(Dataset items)
▽

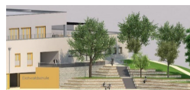
Zentraler Hof mit Stufenanlage
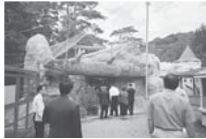
所管施設を視察する環境消防委員 ～円山動物園
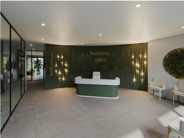
Renderingfoto 1 - Erdgeschoss
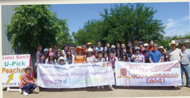
同學與中大校友到果園採摘車厘子
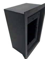
Boîtier d'encastrement 6-031208-0010-000
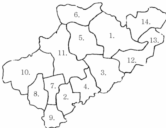
A rozsnyói egyházmegye esperesi kerületei
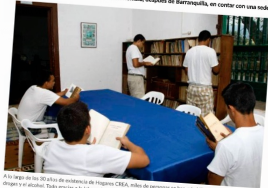
A lo largo de los 30 años de existencia de Hogares CREA, miles de personas se han rehabilitado de su adicción a las drogas y el alcohol. Todo gracias a la labor asistencial de esta entidad.

Bucaramanga fue la segunda ciudad de Colombia, después de Barranquilla, en contar con una sede de Hogares CREA.
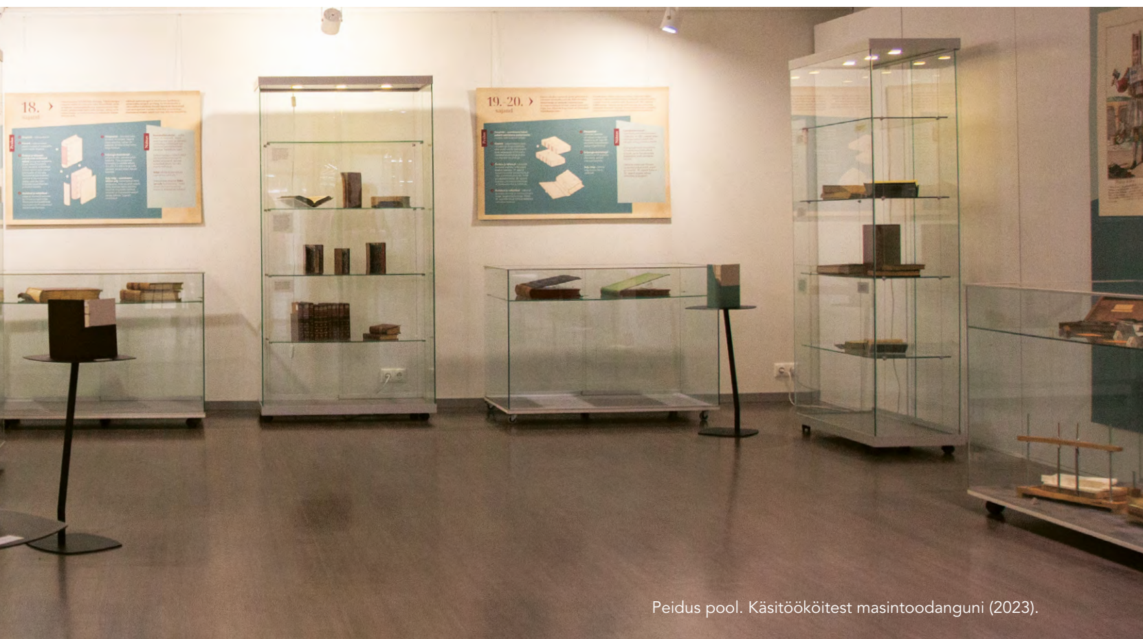
Peidus pool. Käsitöököitest masintoodanguni (2023).

1 Näituse materjalid: hdl.handle.net/10062/98790 .
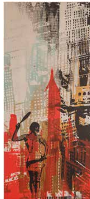
Vinst nr 12. Akryl/seriegrafi Utan titel , 22x49 cm av Ulrika Andersson , från Fagersta. Hon är utbildad vid Konsthögskolan, Konstfack och Grafikskolan i Stockholm och hennes verk finns representerade vid Moderna Museet och Nationalmuseum i Stockholm samt vid British Museum i London.

Vinst nr 1. Skulptur, sandgjutet glas, Väktare , 14x34x14 cm av Bertil Vallien . Konstnären presenteras utförligt i artikel och faktaruta, se sid 6.
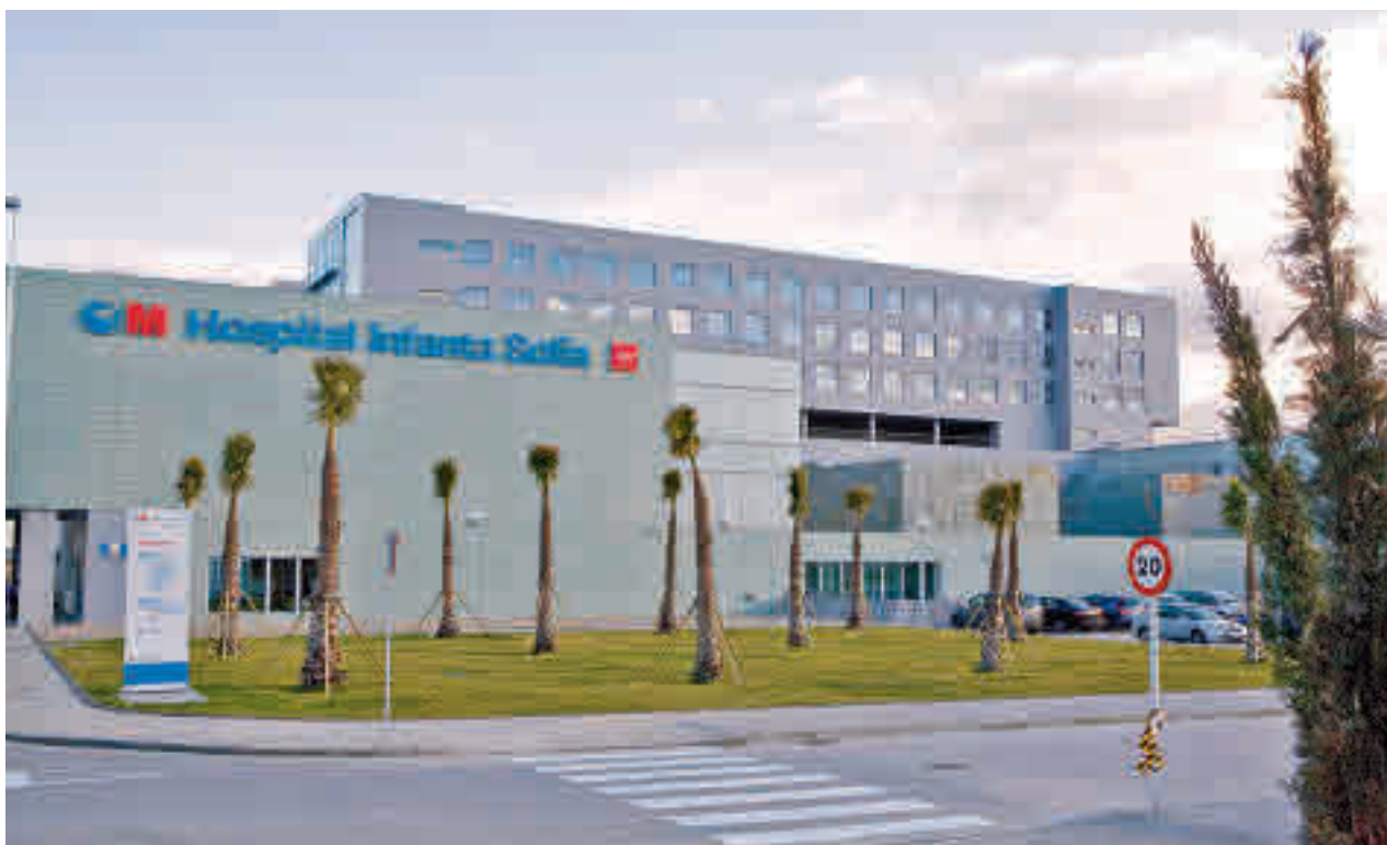
Las instalaciones del hospital siguen sin tener un funcionamiento pleno
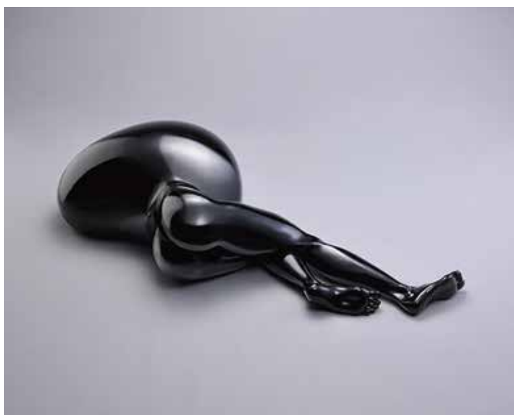
2. 青木千絵《BODY 10-1》2010年
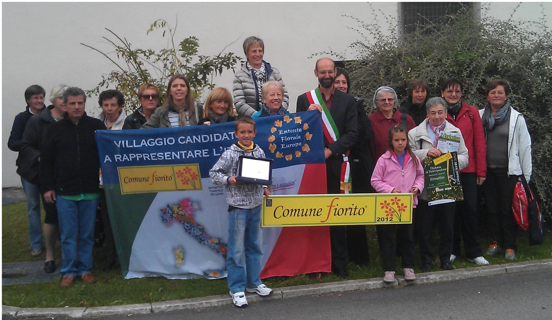
○ Transacqua, 14 ottobre 2012
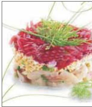
Las tapas tienen que ser diseñadas para la ocasión
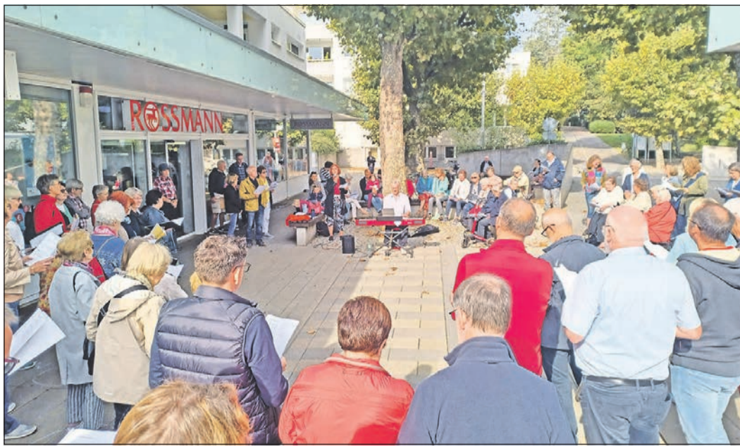
Gut 100 Schwalbacher singen gemeinsam mit etwa 30 Chormitgliedern von „Pro Musica Schwalbach“ am Tag der Deutschen Einheit Lieder von Frieden, Freiheit und Hoffnung.
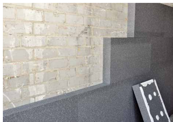
PolyStuc HR ® jusqu'à 20 % plus isolant
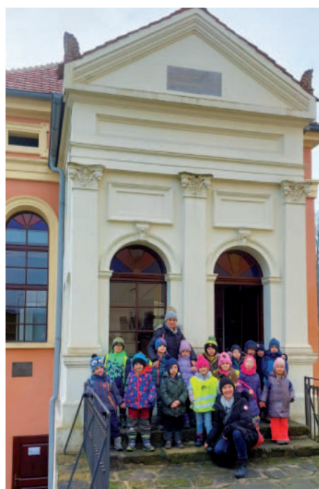
Návštěvu Muzea čertů v Úštěku jsme spojili s návštěvou staré školy v úštěcké synagoze.
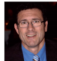
10 - Stéphane Traineau Ancien champion du monde de judo, Val-de-Marne .
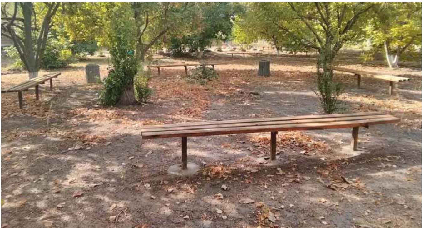
Завдяки проекту, профінансованому в рамках бюджету участі, тепер тут можна посидіти, обговорити нові ідеї та проекти
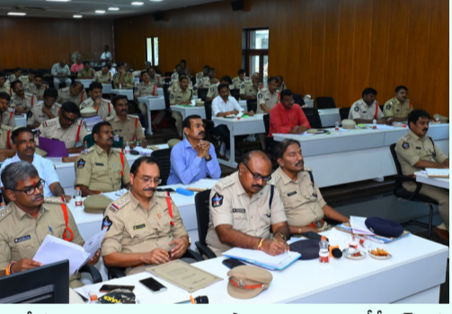
సేకరించి వారిపై నిఘా కొనసాగించాలన్నారు. రోడీ డిటెక్టర్ కు మానిటరింగ్ చేయాలన్నారు. మిస్సింగ్ కేసులు, డొంగలింబడిన వాహనాలను గుర్తించేందుకు ఆర్ డి జి ఎన్ , సీసీడీపీ 360 అప్లికేషన్ ద్వారా వస్తున్న అప్డేటులను ప్రతిరోజూ సమీక్షించాలన్నారు. " సీసీడీపీ ఏపీ 360 అప్లికేషన్ ను సమర్థవంతంగా వినియోగించాలన్నారు. 1930 సైబర్ హెల్పైలెన్ కు వచ్చిన కార్లో పై వెంటనే స్పందించాలన్నారు. 10 లక్షల పైగా జరిగిన సైబర్ మోసాలపై ఎఫ్ ఐ అర్ లు సమయం చేసి, వెంటనే దర్యాప్తులు చేపట్టాలన్నారు. డ్రాగ్స్ డ్రైవ్ కేసులలో పట్టుబడిన వారి నుండి జరిమానాలు కోర్టుకు మాత్రమే చెల్లించేవిధంగా చూడాలన్నారు. ఈ విషయంలో ఎవరైనా అలసత్వం, నిర్లక్ష్యం ప్రదర్శించే వారిపై కఠిన చర్యలు తీసుకుంటామన్నారు. ఒక సంవత్సరం క్రితం బదిలీ అయిన పోలీసు సిబ్బందిని పాత పోలీసు స్టేషన్ లలో కొనసాగించకుండా వారికి తీయించిన పోలీసు స్టేషన్లలోనే విధులు నిర్వహించాలా చర్యలు తీసుకోవాలన్నారు. ఈ నేర సమీక్ష సమావేశంలో టీగల్ అడ్వైజర్ మల్లికార్జున రావు, డిఎస్సీలు బాబు ప్రసాద్, వెంకట్రామయ్య , ఉపేంద్రబాబు, భారవి , సిబిలు, ఎస్పీలు పాల్గొన్నారు.
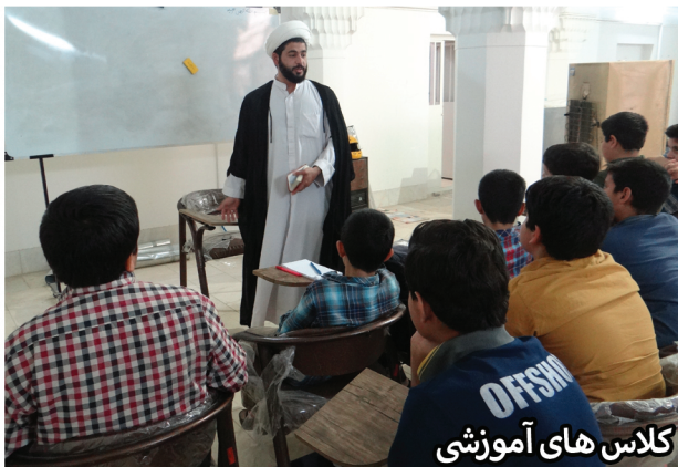
کلاس های آموزشی
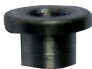
Podložka pro kličku s osazením 592.0000000565
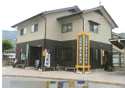
上松駅前 観光情報センター待合所
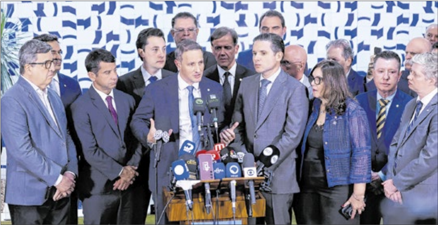
Derrite disse que fará “texto duro”, mas com mudanças que foram negociadas
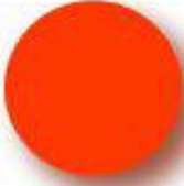
Light Red Pantone 179 C
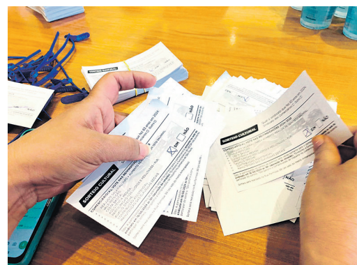
Apuração dos votos e contagem das cédulas
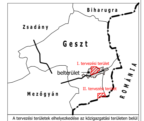
A tervezési területek elhelyezkedése az közigazgatási területen belül
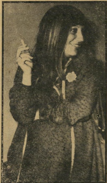
מזכירה כהן הלוואה
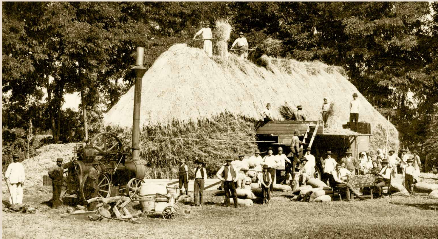
Gépi cséplés Kiskőrösön az 1910-es években (PSVK HGY)

ló környékén előbb a Függetlenségi és 48-as Párt, majd az első világháborút követően a kiscgazda programmal fellépő pártok jelöltjei arattak sikereket. Klasszikus baloldali, tehát szocialista, szociáldemokrata eszmék jelentős tömegbázisra sohasem tudtak Kiskőrösön szert tenni, ez azonban nem jelenti azt, hogy ne lettek volna jelen, ne lett volna hatásuk a helyi közösség életére, s ez különösen igaz néhány 'forró pontra', úgymint az 1897-es agrárszocialista zavargásra, az 1905-ös választásokra, az 1918-1919-es forradalmakra, vagy az 1929-33-as világválság időszakára. Sőt, tulajdonképpen az MSZDP helyi szervezete is az agrármozgalmakból nőtte ki magát, nem véletlen, hogy vezetői között is leginkább parasztembereket találunk. Itt pedig visszakanyarodunk eredeti témánkhoz, a klasszikus baloldali eszmék kiskőrösi kezdeteihez.
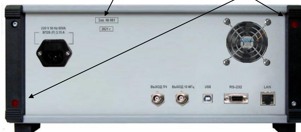
Рисунок 2 – Схема пломбировки от несанкционированного доступа, обозначение мест нанесения знака поверки

Места пломбировки с нанесением знака поверки
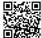
事前申し込み QRコード
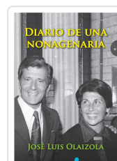
DIARIO DE UNA NONAGENARIA OLAIZOLA, JOSÉ LUIS

△

(Work to be completed) Only an exact copy of the lines from the one with "Apuração dos votos e contagem das cédulas" through the last line of the data above is wanted, and no pictures.

(Exercise output)
Apuração dos votos e contagem das cédulas
A tervezési területek elhelyezkedése az közigazgatási területen belül
מזכירה כהן הלוואה
Gépi cséplés Kiskőrösön az 1910-es években (PSVK HGY)

ló környékén előbb a Függetlenségi és 48-as Párt, majd az első világháborút követően a kiscgazda programmal fellépő pártok jelöltjei arattak sikereket. Klasszikus baloldali, tehát szocialista, szociáldemokrata eszmék jelentős tömegbázisra sohasem tudtak Kiskőrösön szert tenni, ez azonban nem jelenti azt, hogy ne lettek volna jelen, ne lett volna hatásuk a helyi közösség életére, s ez különösen igaz néhány 'forró pontra', úgymint az 1897-es agrárszocialista zavargásra, az 1905-ös választásokra, az 1918-1919-es forradalmakra, vagy az 1929-33-as világválság időszakára. Sőt, tulajdonképpen az MSZDP helyi szervezete is az agrármozgalmakból nőtte ki magát, nem véletlen, hogy vezetői között is leginkább parasztembereket találunk. Itt pedig visszakanyarodunk eredeti témánkhoz, a klasszikus baloldali eszmék kiskőrösi kezdeteihez.
Рисунок 2 – Схема пломбировки от несанкционированного доступа, обозначение мест нанесения знака поверки

Места пломбировки с нанесением знака поверки
事前申し込み QRコード
DIARIO DE UNA NONAGENARIA OLAIZOLA, JOSÉ LUIS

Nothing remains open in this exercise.